Friday, October 22, 2010

upping the downside of dreaming

Dreaming is a very useful aspect of life. Dreaming lifts you out of the mill of practical stuffs to look ahead. Smart folks will use that vision as incentive and motivation and devise a plan toward a goal or as energy to move forward toward a hoped for end.

The downside is when all you can do is dream because the practical means and or the knowledge to do it is obscured. In my case I could have been an engineer or architect had not high school been totally screwed up. I still have those dreams but I had to realize them in a different way. Life moves on rapidly and I am no longer a young man.
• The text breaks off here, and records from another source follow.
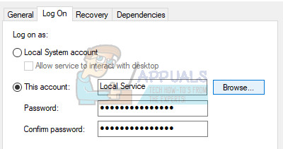 - Navigate to the Log On tab and click on the Browser… button.
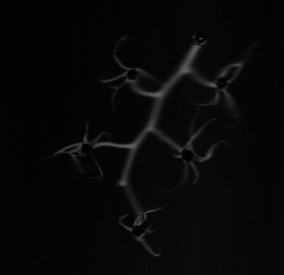 A melancholic melody filters out from the exhibition « I’m a passenger ». It sketches a haunted portrait of our interior demons, the outline of a murky dream vibrating between violet purple and deep black.
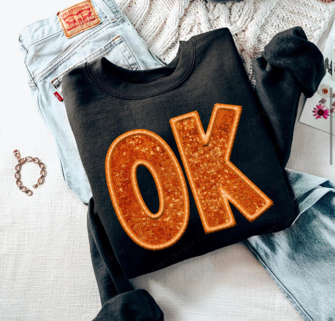OK - Oklahoma (Orange - Sequins/Embroidery look) - DTF
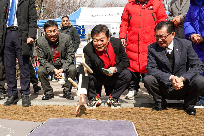 | ▲ 16일 장안제1동 정월대보름 민속놀이 행사에 참석한 이필형 동대문구청장이 윷을 던지고 있다 (사진=동대문구청 제공) |
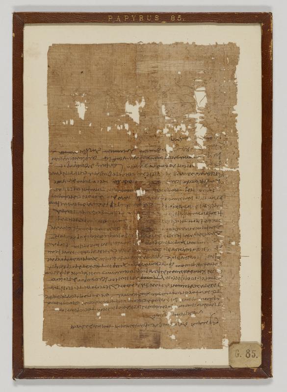 1 pane of glass containing 1 papyrus fragment ; 10 x 6.5 inches
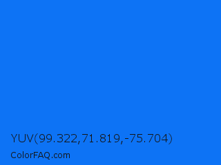 YUV 99.322,71.819,-75.704 Color is a normal blue color and the nearest color is Brandeis Blue #0070ff. Hex code #0d73f5 and RGB value is rgb(13,115,245). In RGB color space, this color is composed of 5% red, 45% green, 96% blue, In CMYK color space, this color is composed of 95% cyan, 53% magenta, 0% yellow , 4% black , In HSL color space, this color has a hue angle of 214° , 92% saturation and 51% lightness.
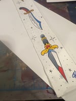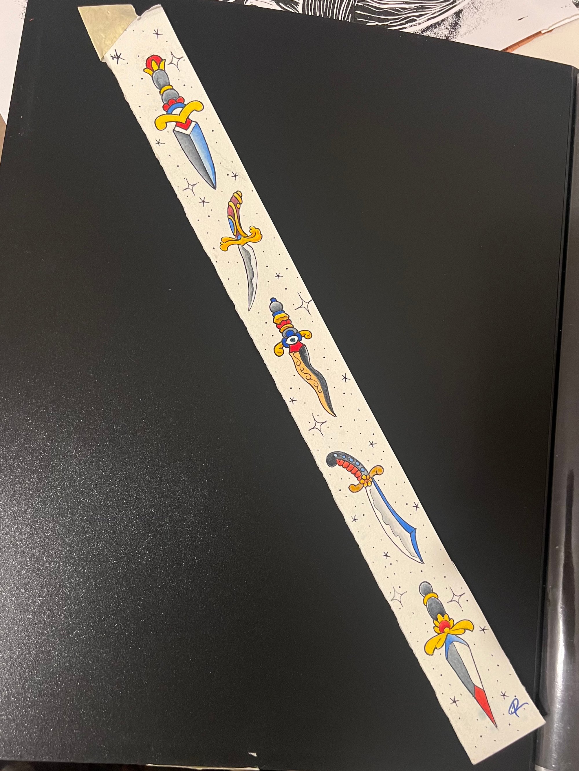 This is what started the Secret Stabs...sitting at my table not wanting to start a new project so i picked up a scrap of paper i had trimmed off of a bigger piece and started doodling little daggers.... lots of scraps later and you can buy little blind bags of tiny knife paintings....
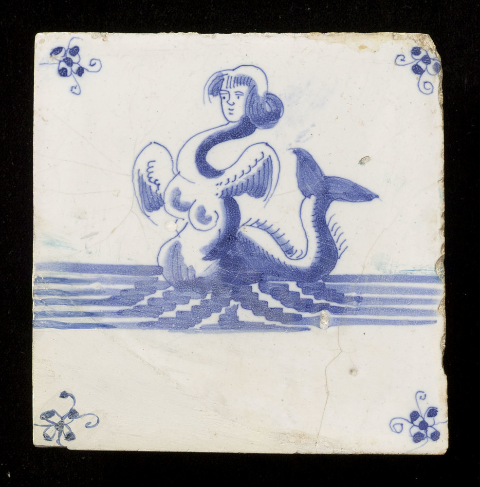 Tegel van keramiek, tinglazuur, voorstellende een ze...
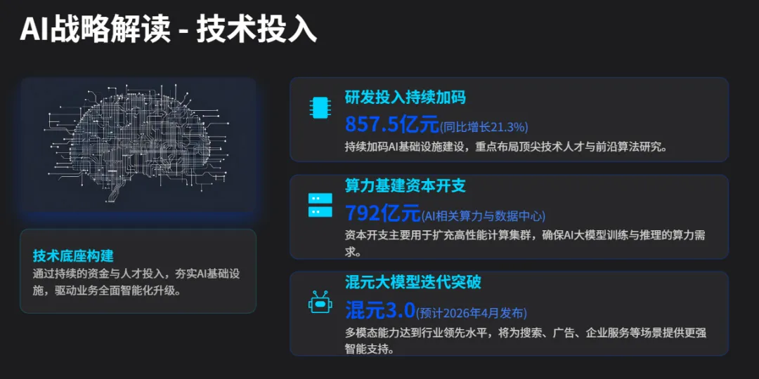 管理层在业绩会上明确表示,2026年AI投资将较2025年翻倍(预计资本开支1,500亿+,占今年净利60%左右),回报周期怎么样、能不能转化为盈利能力 既可能是机会、也可能是风险
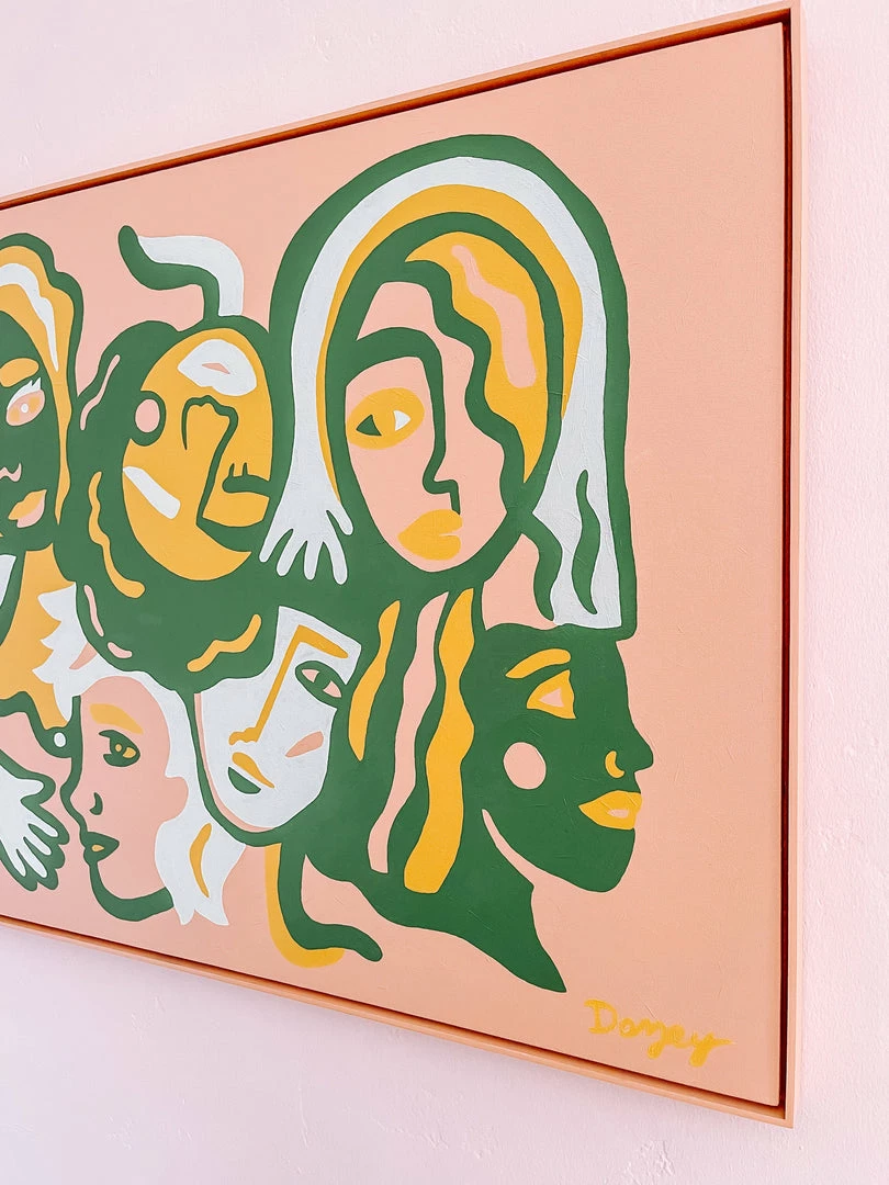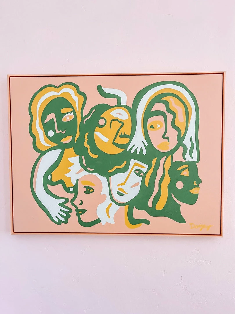 Original painting by Dazey Owner Danielle Roxanne Nagel. Hand-painted and custom framed to match right here in LA. Clean, graphic, and detail-oriented. Full of texture using thick brush strokes. Each piece took weeks to complete and is one of a kind, includes artists signature on the bottom right corner. Inspired by color, vintage design, and empowering women as always.

Dreams have a molecular structure that can be re-arranged to be realized through the means at hand.

Now, let's get down to the crux. The advertisements display the glitz and the flash of a wonderful operating system called Microsoft. The latest Windows 7 can do things the previous version couldn't. The cost for a new PC and this new Win 7 is OK if you can afford it. But is stands to reason you can not get all what's advertised unless you spend the top dollar. You gotta love how technology promotes you must buy new.

Say it with me, "only my XP operating system is obsolete, my hardware is fine. My PC is older but mechanically, it still works fine." 


Here's the situation, you can not buy a new PC, the support for Win XP has joined the retired ranks of Win95 and Win98. The PC you have is under powered because memory upgrades were and still are expensive. My laptop only has 512MB of memory, ooh I am doomed to use old software and old applications. Even the dust bunnies in my old PC has gray hair, err fuzz.

I am writing this blog on an antique Gateway 4026gz laptop. It has 512MB of board memory and 1ghz+ Celeron CPU. It has a wireless card, 20gig hard drive, PC card slots, USB ports, a heat problem and one missing key-cap. For the heat problem I took a small Masonite panel and glued three wedges on it so that when I set my laptop on it the fans which vent through the bottom are unobstructed. It used to heat up and cut off in 10 minutes, now it runs all day long, no problem.

And I use near the latest version of Ubuntu Linux. Just as a reminder, Linux is free in cost and in user rights (what you acquire is yours!). Then to top it off, the Open Source community has supplied every imaginable application, 99% of them also free. Now my PC use is not strained, I am not a gamer or a multi-media maverick, or a social net junkie. I blog, write emails, view videos, do digital artwork, etc. Linux does all this and I have the latest versions of all I use. I can't and don't do it all, who can?

My dreaming down side of not being able to acquire the latest and greatest PCs with all the so-called professional applications, has been met with Linux and Open Source software. My dream has been fulfilled at quite a high level, with the stuff I already have. If and when I do get "mo-betta" hardware, I will put Linux on it because I am into Linux.

Now when you come into Linuxville it takes a while to get over the surprises. The oohs and aahs are normal, but the big event is when you finally relax into a blissful Linux wonder. The collective sigh is felt throughout Linuxville.